From the award-winning author of Half of a Yellow Sun, a powerful story of love, race and identity.
As teenagers in Lagos, Ifemelu and Obinze fall in love. Their Nigeria is under military dictatorship, and people are fleeing the country if they can. The self-assured Ifemelu departs for America. There she suffers defeats and triumphs, finds and loses relationships, all the while feeling the weight of something she never thought of back home: race. Obinze had hoped to join her, but post-9/11 America will not let him in, and he plunges into a dangerous, undocumented life in London. Thirteen years later, Obinze is a wealthy man in a newly democratic Nigeria, while Ifemelu has achieved success as a blogger. But after so long apart and so many changes, will they find the courage to meet again, face to face?
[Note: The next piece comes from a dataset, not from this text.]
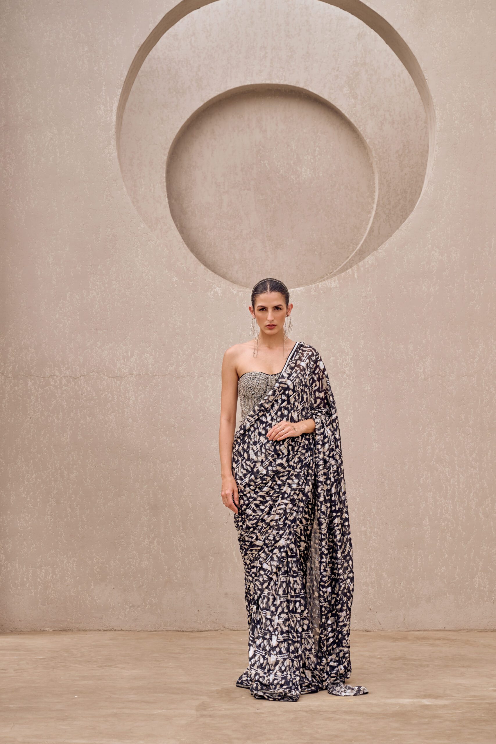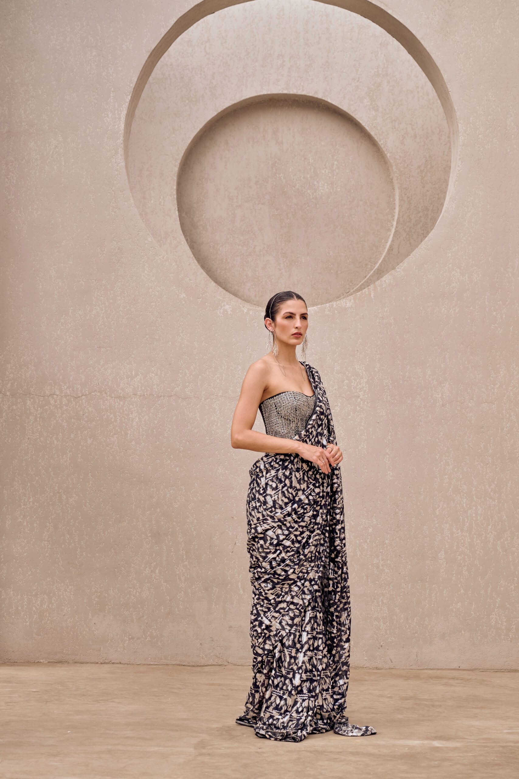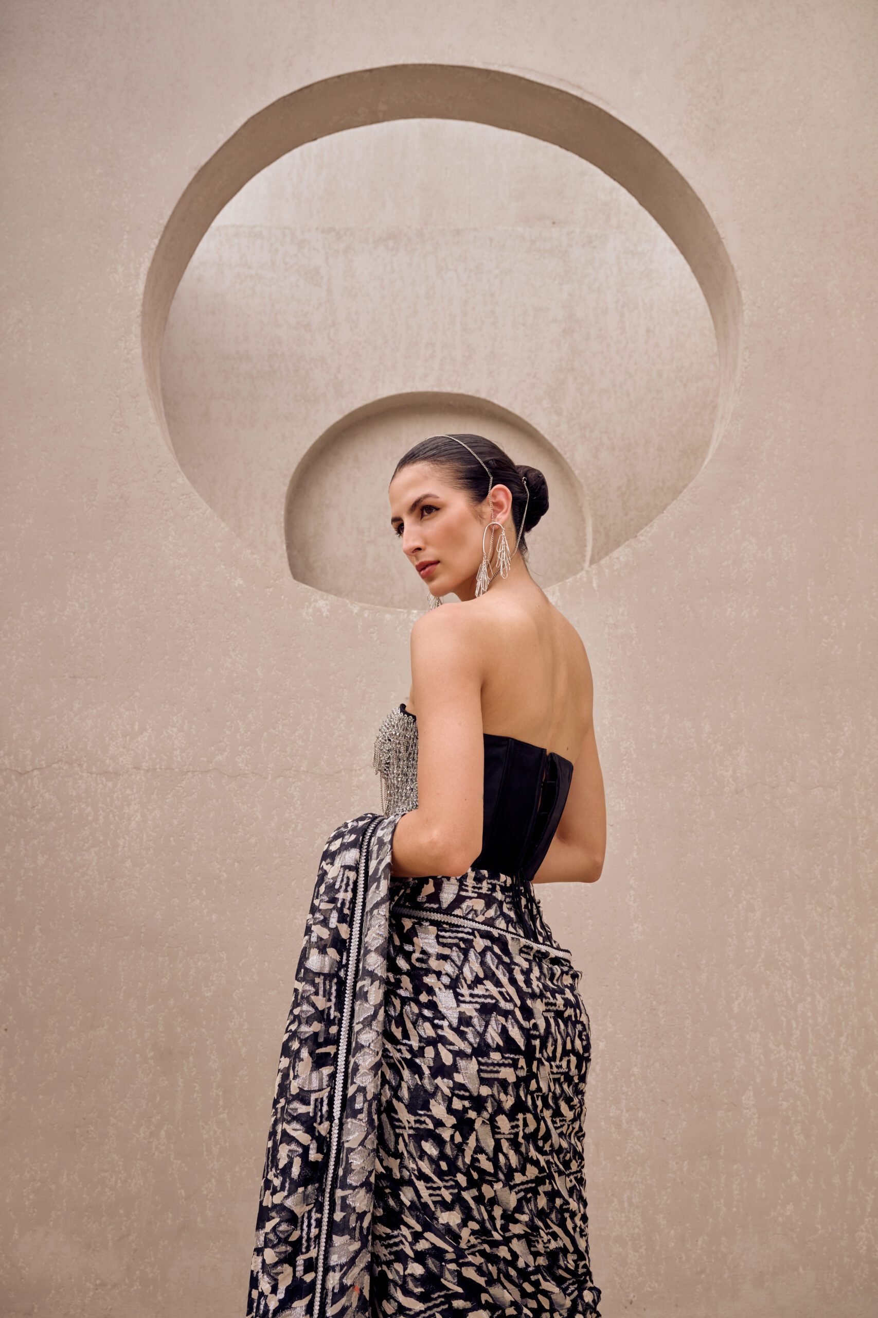 A chic black and silver titch button embroidered corset, designed with fine craftsmanship and paired elegantly with a saree. This ensemble beautifully balances modern edge with traditional grace, making it a statement outfit.

Fearless, gripping, spanning three continents and numerous lives, the National Book Critics Circle Award-winning Americanah is a richly told story of love and expectation set in today’s globalised world.
Critic reviews
“Actress Adjoa Andoh brings to life Adichie’s complex, beautifully wrought novel – which is both a love story and a nuanced analysis of political topics including systemic racism in America; immigration in the UK; and the class system in Nigeria.” (Vogue)
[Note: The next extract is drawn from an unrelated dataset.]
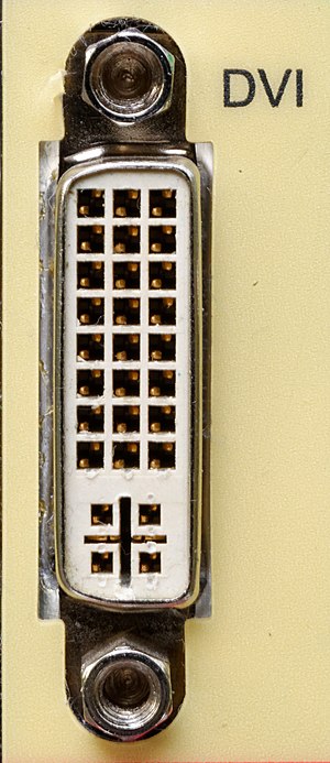 Digital Visual Interface (DVI) is a video display interface developed by the Digital Display Working Group (DDWG). The digital interface is used to connect a video source, such as a video display controller, to a display device, such as a computer monitor. It was developed with the intention of creating an industry standard for the transfer of digital video content.

"One of the previous decade’s landmark novels [...] Andoh is a skilled, exciting narrator." (The Times)
"Andoh's rich voice and distinct characters and rhythm keep the listener engrossed.... Andoh has fun adopting a mocking lilt for Ifemelu's snarky blog entries.... [and] a more serious tone brings authenticity to the heartbreak of Obinze's London experience." ( AudioFile)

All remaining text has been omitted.